Introduction
A defining feature of the angiosperms is their remarkable floral
diversity. (Armbruster 2014; Hernández-Hernández & Wiens 2020). Darwin
first recognized that the diversity of floral shape, size, colour and
scent could be attributable to selection by pollinators (Darwin 1877).
This realization has resulted in a large modern research program,
spawning ecological, evolutionary and genetic studies, investigating how
interactions between plants and pollinators drive floral evolution
(Harder & Johnson 2009; Van der Niet & Johnson 2012). While we are now
heading toward a strong mechanistic understanding of how flowers evolve
(Moyroud & Glover 2017; Shan et al. 2019; Fattorini & Glover
2020), the ecological processes involved in flower diversification
remain poorly understood (Kay & Sargent 2009; Johnson 2010; Van der
Niet & Johnson 2012; Armbruster 2017).
Most of our understanding of how flowers diversify derives from two
principles, which were combined into the Grant-Stebbins model (Johnson
2006, 2010). First, flowering plants should adapt to the most effective
pollinator in a given environment (Stebbins 1970); that is, the
pollinator that visits most frequently (number of visits) and
efficiently (per-visit pollen transport efficiency) (Armbruster 2014).
Second, since pollinator assemblages are geographically variable, plants
should be under divergent selection in different environments, resulting
in adaptation to different pollinators (Grant & Grant 1965).
Shifts in floral characteristics and pollination systems, however,
frequently occur without associated geographical shifts in pollinator
assemblages, suggesting that other factors drive flower diversification
(Herrera et al. 2006; Van Der Niet et al. 2014; Ferreiroet al. 2017). In the last few decades, several studies have
emphasized the importance of community context in understanding the
ecology and evolution of plant pollination (Caruso 2000; Sargent &
Ackerly 2008; Mitchell et al. 2009; Muchhala et al. 2010).
Competition and facilitation among plant species for access to
pollinator visitation, and interspecific pollen transfer play important
roles in determining the outcome of pollination (Geber & Moeller 2006;
Morales & Traveset 2008; Sargent & Ackerly 2008; Mitchell et
al. 2009; Pauw 2013). Furthermore, competition via interspecific pollen
transfer offers a potential mechanism promoting divergence in pollinator
use by favoring reduced pollinator sharing (Muchhala et al. 2010;
Moreira-Hernández & Muchhala 2019). However, despite now having a more
comprehensive understanding of pollination ecology and several
hypotheses having been proposed to explain either variability in
pollinator use or degree of specialization (Waser et al. 1996;
Johnson & Steiner 2000; Aigner 2001; Gómez & Regino 2006; Sargent &
Otto 2006; Muchhala et al. 2010; Moreira-Hernández & Muchhala
2019), we still lack a theory explaining the broad patterns of floral
diversity within and among communities.
A general mechanism promoting floral diversity in both pollinator use
and degree of specialization might derive from the consideration that
several processes governing pollination success (e.g. intraspecific
competition for access to pollinator visitation, interspecific pollen
transfer and pollen carryover) are modulated by floral abundance, which
intrinsically varies among species within communities. It is therefore
possible that different plant species of different floral abundances
face divergent selective pressures from a same pollinator assemblage.

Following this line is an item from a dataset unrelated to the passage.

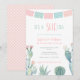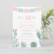Pizarra rosa y verde pastel El diseño de la invitación a la ducha Ella-Esta Niña Bebé con acuarela cactus / pera espinosa para un divertido Baby Shower de temática mexicana o Baby Sprinkle.
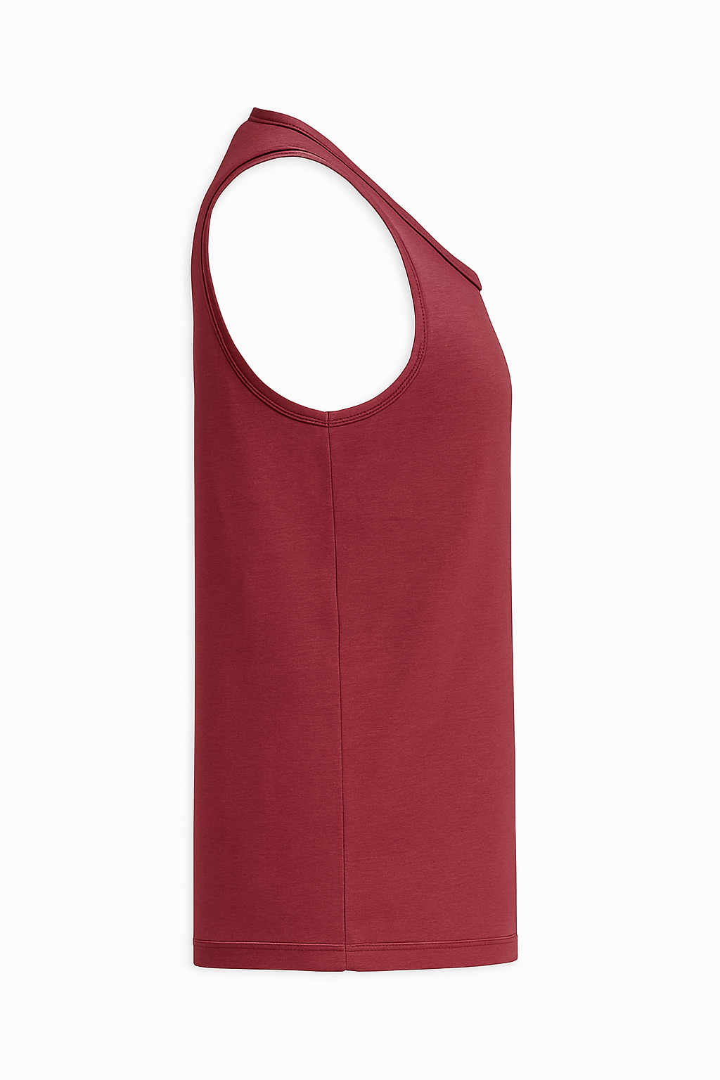A refined essential that blends effortless sophistication with everyday comfort. Crafted from a soft, breathable cotton blend, this tank offers a clean silhouette with a natural drape that complements the body. The deep burgundy hue adds quiet confidence, while the fine ribbed neckline and neatly finished hems reflect elevated craftsmanship.

For example, interspecific pollen transfer is expected to have a
stronger impact on populations of low abundance, as the proportion of
interspecific pollinator visits increases with the proportion of
heterospecific individuals in plant communities (Rathcke 1983;
Feinsinger et al. 1991; Caruso 2002; Palmer et al. 2003;
Sargent & Otto 2006; Mitchell et al. 2009; Runquist & Stanton
2013). Likewise, opportunities for pollen loss, whether passively or due
to pollinator grooming, should be greater for rare plant species because
pollinators visiting rare plants spend more time between conspecific
visits (Minnaar et al. 2019). Therefore, pollen carryover— the
proportion of the removed pollen carried to the next conspecific
flower—is expected to increase with floral abundance. Conversely,
intraspecific competition for pollinator visitation should be stronger
at high floral abundance, as more flowers compete for visitation by the
same pollinator community (Rathcke 1983; Geber & Moeller 2006; Duffy &
Stout 2008; Pauw 2013; Benadi & Pauw 2018). While studies carried out
at limited spatial scales often find increased per flower pollinator
visitation with increasing floral density (due to greater attractiveness
of larger flowering patches) (see Ghazoul 2005), at the landscape
scale—the scale that ultimately matters for floral evolution—the
opposite trend is observed: the number of visits received per flower
decreases with a species abundance (see Pauw 2013 and references
therein; Hegland 2014; Benadi & Pauw 2018; Bergamo et al. 2020).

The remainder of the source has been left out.